The TSE’s trend is set to continue in the current fiscal year despite the downward effects of the coronavirus outbreak. However, the stock market may not enjoy the luxury of climbing as much.

While this record performance may seem at odds with the country’s dire economic situation — they are in fact somewhat related, as a budget deficit pushes the government to print money and this causes the liquidity to grow more rapidly. 

A key factor behind a prediction that the benchmark is poised to increase again this year is the government’s staggering budget deficit in the current financial year. Although the budget has not been approved yet, it is expected to experience a deficit of at least 1.31 trillion rials, or $9.5 billion at the NIMA rate, an online exchange rate platform run by the Central Bank of Iran. What is obvious is that the government won’t be able to collect much of its budgeted income, including tax revenues, under the current circumstances of the Iranian economy.

Meanwhile, the volume and value of Iran’s oil sales have fallen sharply due to US sanctions and the coronavirus crisis. Therefore, the government has no alternative but to resort to measures such as increasing the monetary base to offset the deficit, leading to a spike in inflation. And while this is unfortunate for Iran’s weak economy, it prepares the ground for stock prices to climb yet more. Since even if the volume of sales might tend to decrease, inflationary pressures would make up for the loss as they sell the same product in higher prices. Consequently, the net income margin would stay in the green thanks to a rise in consumer price index. 

Another underlying factor that can undoubtedly help the stock market rally is the gradual rise in the value of the US dollar against the Iranian rial. The dollar has already begun to strengthen again after a period of relative stability and currently is being traded at 16,620 rials on the free market. Dollar price growth against the rial has always been a strong driver for the stock exchange’s main index. In the past two years, as recession hung over the Iranian economy, the devaluation of the rial massively contributed to the index’s record jumps, as inflationary expectations were not duly anchored. Thus, provided that there is no political agreement in 2020 between Iran and the administration of US President Donald Trump — whose tendency has been to continue to impose new sanctions, not lift them — the dollar is expected to skyrocket and touch new, worrying levels. 

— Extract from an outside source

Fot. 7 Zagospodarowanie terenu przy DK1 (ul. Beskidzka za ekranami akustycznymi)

Of note, Iran’s economic growth has been around 0% and minus 7.6%  with and without oil sales, respectively, over the first three quarters of 2019-2020 according to the report published Feb. 9 by Statistical Center of Iran. Liquidity has also surpassed the yearly average of being 25% to above 28% in the same period. All this indicates the fact that the dollar price is poised to overshoot and contribute to rate of inflation. A jump in the dollar’s value against the rial could help Iranian export companies sell their products for more when the price is converted to rials and offset global price declines in the wake of the coronavirus outbreak. It could also help domestic companies maintain their competitive advantages against foreign peers.

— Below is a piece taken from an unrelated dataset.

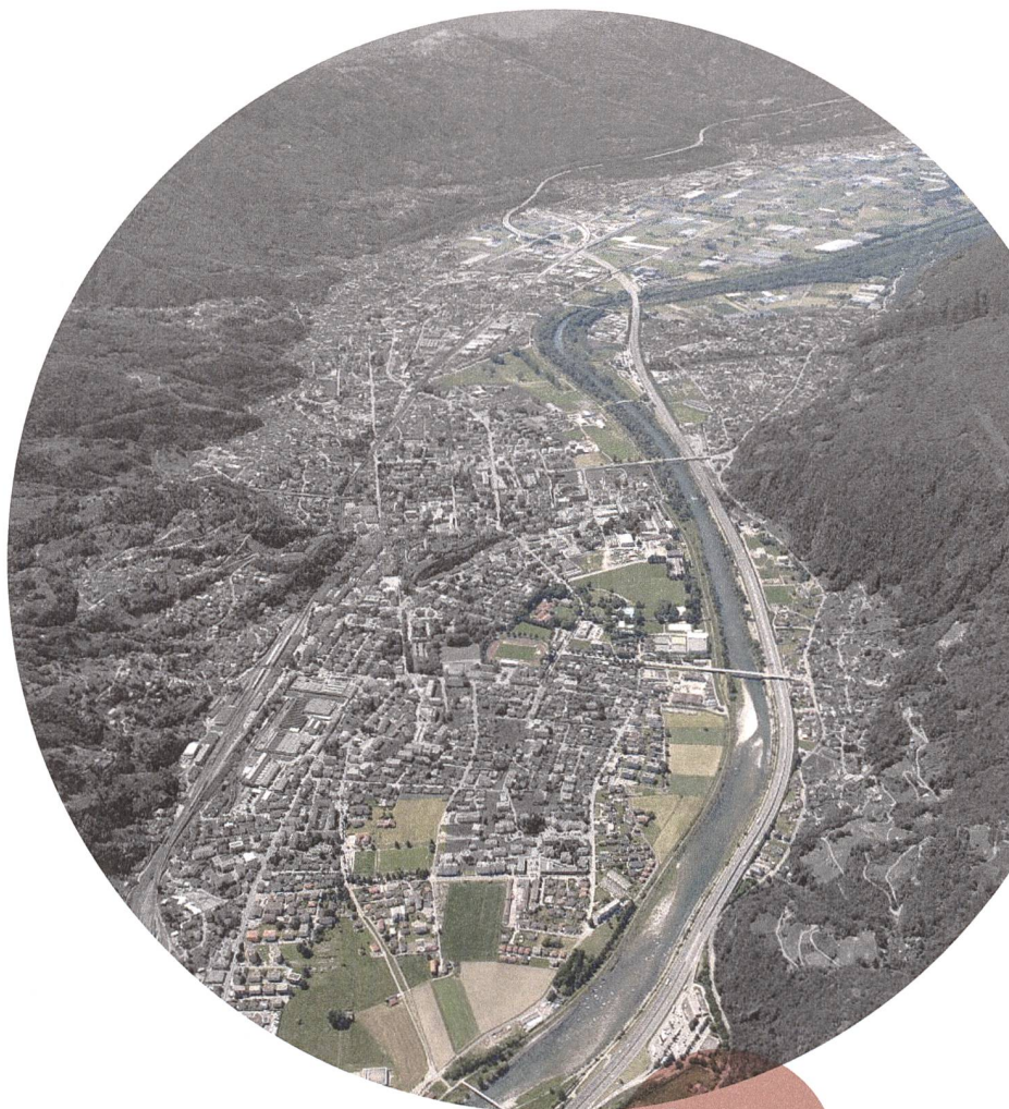
Foto aerea con evidenziato l'asse del fiume Ticino.

causa degli sviluppi della disciplina. Il comparto è particolarmente adeguato ad ospitare un ospedale in quanto permette la creazione di un primo insediamento in grado di svilupparsi nel tempo.

However some experts believe the benchmark index won’t reach new milestones this year. They cite the staggering growth of some penny stocks combined with lower commodity prices on world markets. There is no doubt that some companies have had wild runs, mostly on the back of speculative activities and the ignorance of new Iranian retail investors. Given the rising dollar, big commodity-based companies’ share prices are expected to move up despite the downward trend of their markets worldwide. 

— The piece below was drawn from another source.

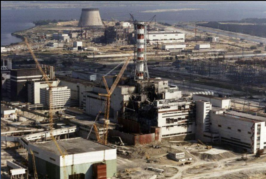
Панорама на 4 энергоблок ЧАЭС после аварии

26 апреля 1986 года произошла авария на чернобыльской АЭС - первой атомной станции Украины, вступившей в строй в 1977 году. Эта самая крупная за всю историю "мирного атома" катастрофа произошла на четвертом энергоблоке АЭС при плановой его остановке: была разрушена активная зона реактора типа РБМК. Так называемая активная стадия аварии продолжалась 10 суток. Все это время происходили чрезвычайно интенсивные выбросы радиоактивных элементов. Ядерное топливо, выброшенное при взрыве, имело очень высокое обогащение урана-235: до 60 процентов и выше.

Meanwhile, absent strong parallel markets capable of competing with the stock exchange at present, excess liquidity has nowhere else to turn.

Additionally, the government is betting heavily on the stock market to bridge its budget deficit. Even if the Iran’s central bank manages to control the dollar’s volatility — which, as mentioned above, seems unlikely — this year could still be deemed a good one for the stock exchange. The government has used the capital market boom over the past two years to offset excess liquidity and divert it from massively defecting to parallel markets. In the same vein, President Hassan Rouhani’s government intends to offer its extra state properties on the stock market this year. It is set to sell assets worth 500 trillion rials ($3.7 billion), an elevenfold increase compared with the preceding year. This indicates that the government is bent on financing its budget deficit through the stock exchange, which gives special importance to the exchange’s prosperity.

Last but not least has been the capital raised through the revaluation of assets conducted by some members of the stock exchange, leading to upward movement and coincidentally lifting the exchange index in the preceding year. This can be the case in the current year as well. There are still big names in steel and petrochemicals that haven’t used this mechanism in recent decades and are intrigued to follow suit. Rising inflation has increased the value of assets such as land, equipment and machinery owned by the listed firms and particularly the big name ones. And now that it has become extremely difficult to make new investments, revaluation of assets has attracted the retail investors’ attention to a large degree to such firms. The Iran Telecom Company is a recent example of a large corporation in the process of updating its book value in the aftermath of high inflations in the recent years, while doing so is totally tax-free.

It appears that asset revaluation, on the heels of the dramatic devaluation of the rial in recent decades, needs to be factored in when analyzing a typical company’s value. There are some market pundits who tend to interpret a high price-to-earnings ratio as proof of an immediate stock market meltdown. They are partly biased in their analysis, since the price-to-earnings ratio might not single-handedly deflate the gauge’s spike.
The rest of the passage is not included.